Previous studies have shown that the effect of postoperative analgesia is correlated with the occurrence of PPCs [31]. Moderate to severe postoperative pain may lead to respiratory restrictions for patients. The pain may make patients unwilling to take deep breaths or cough, which may result in the retention of pulmonary secretions, increasing the risk of atelectasis and pulmonary infection. However, there was no statistically significant difference in postoperative analgesia and VAS scores between the PPCs group and the None-PPCs group in the univariate analysis of this study. One of the possible reasons is that the surgeons have administered additional analgesic drugs to relieve their pain for most patients with moderate to severe pain. Patients who experienced moderate to severe pain on the first day after surgery mostly received good pain management subsequently.

In this study, we collected preoperative pulmonary comorbidities including chronic bronchitis, COPD and asthma. The results of regression analysis showed that COPD is one of the independent risk factors for PPCs. This is consistent with previous studies [32, 33]. Elderly patients over 70 years old who undergo thoracic surgery often have multiple comorbidities. The results demonstrate that pulmonary comorbidities have the closest relationship with PPCs compared to other system comorbidities. This is primarily because patients with pulmonary comorbidities may have poorer baseline pulmonary function. Additionally, surgical trauma, anesthesia and mechanical ventilation can all exacerbate ventilatory and gas exchange dysfunction, as well as affect airway mucosal secretions and expectoration [13]. COPD is a prevalent respiratory disorder that is typically marked by persistent airflow limitation, with main symptoms including chronic cough, sputum production and dyspnea. Due to the impaired pulmonary function in patients with COPD, they face the higher risk of PPCs following surgical procedures [34]. Therefore, there is a close relationship between COPD and PPCs. For patients with COPD, preoperative evaluation and postoperative management are crucial.
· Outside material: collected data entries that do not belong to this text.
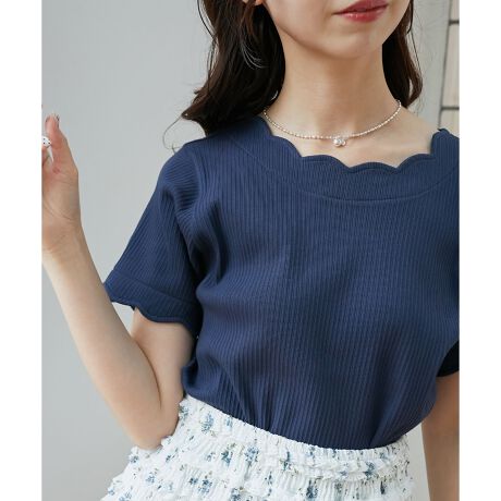 ネックラインのスカラップがデコルテをきれいに見せてくれる、程よくレディライクなTシャツ。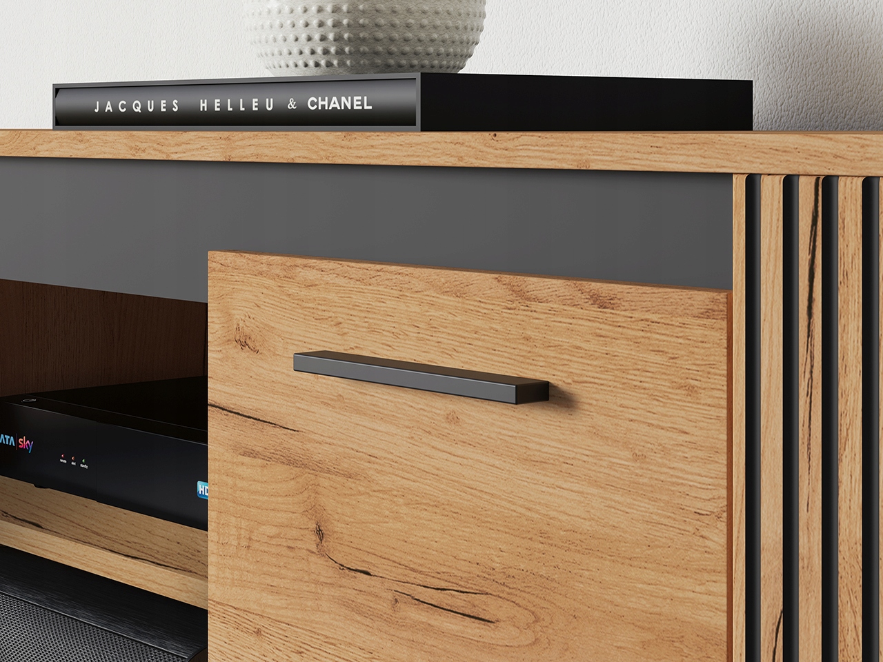 Szafka RTV Urso 08 to idealny mebel pod Twój telewizor. Dwie zamknięte wnęki tworzą bardzo pojemną przestrzeń do przechowywania, a otwarte półki oraz szeroki blat w prosty sposób pomogą uporządkować Twoje sprzęty multimedialne. Design mebla Urso 06 łączy ze sobą klasyczny styl dębowego wzoru z nowoczesnym twistem w postaci czarnych elementów. Oryginalne, frezowane wstawki podkreślają nietuzinkowość wszystkich brył z kolekcji Urso.
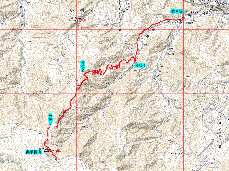 奥手稲山の山頂には小屋があるが、林道から山頂に登る道が判らなかったので、山頂付近から引き返した。
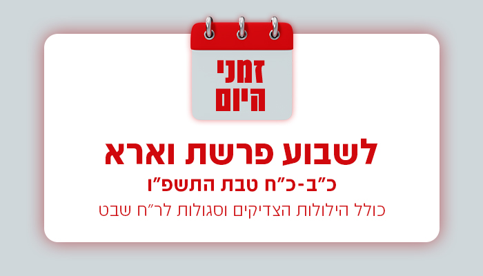 זמני היום לתאריכים כ"ב-כ"ח טבת התשפ"ו כולל הילולות הצדיקים וסגולות לר"ח שבט
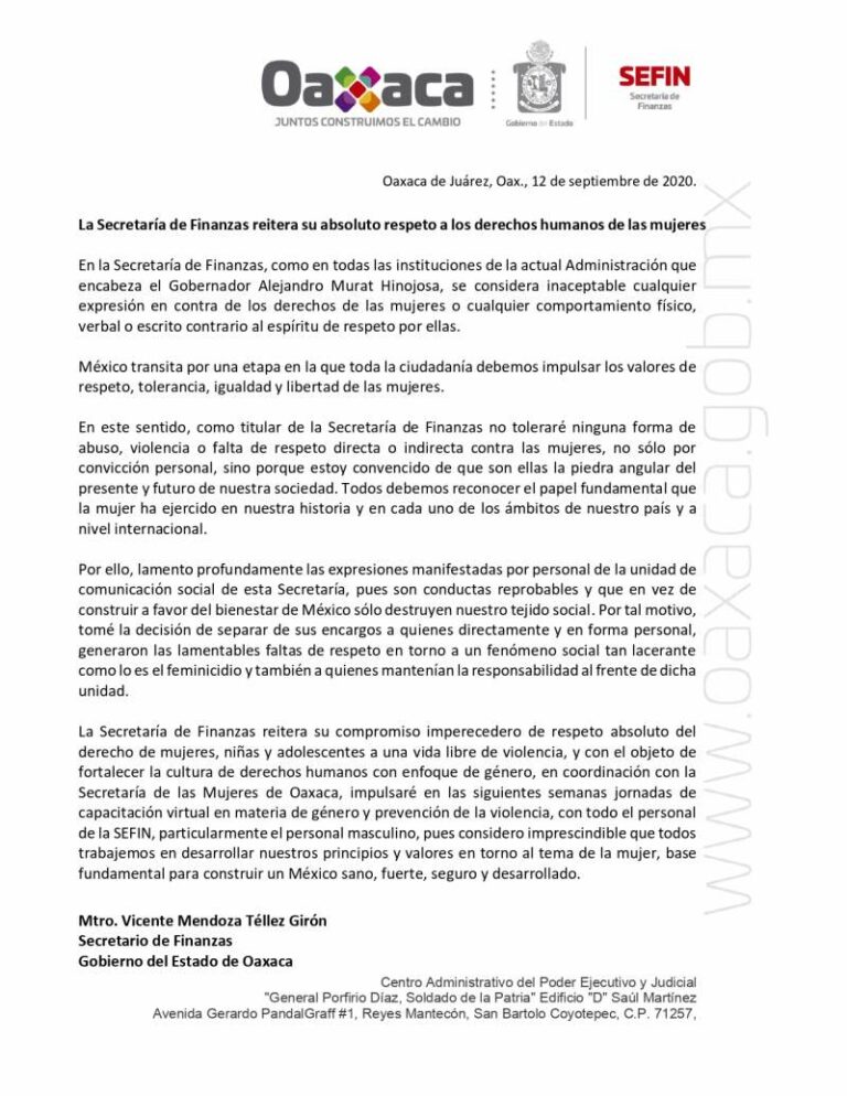 Despide SEFIN a vocero que ironizó feminicidios El titular de la Secretaría de Finanzas, Vicente Mendoza Téllez Girón despidió a Iván Flores Noriega, quien se desempeñaba como… 12 septiembre, 2020

There are certain limitations of this study. Firstly, this study is a retrospective study conducted in a single center with a relatively small sample size (322 cases), some uncertainty may exist. Secondly, the time and severity of PPCs were not further stratified. The observation indicators of this study were PPCs within 7 days, while short-term pulmonary complications after discharge were not included. This may affect the statistical analysis of the incidence and risk factors of PPCs. The time and severity of pulmonary complications are important for patient prognosis. We can further collect the detailed time and severity of PPCs for deeper analysis in the future. Thirdly, in terms of case data collection, due to the hospital’s electronic case system constraints, some important clinical examination indicators were not fully collected, so they were not discussed in this study. Further conclusions require multi-center, prospective clinical studies for verification.

Conclusions

In summary, PPCs in elderly patients (≥ 70 years old) who undergo VATS lobectomy are affected by multiple factors. The present study has identified ASA ≥ III, duration of OLV, smoking and COPD as potential independent risk factors for PPCs. The analysis of risk factors for PPCs in high-risk individuals provides valuable and reliable indicators for assessing the risk of these complications. This information can assist in identifying high-risk patients in clinical practice and taking targeted preparations and interventions before surgery to proactively prevent PPCs. It is particularly important to perform rigorous and cautious preoperative assessments, personalized perioperative management and multidisciplinary comprehensive treatment for these high-risk patients.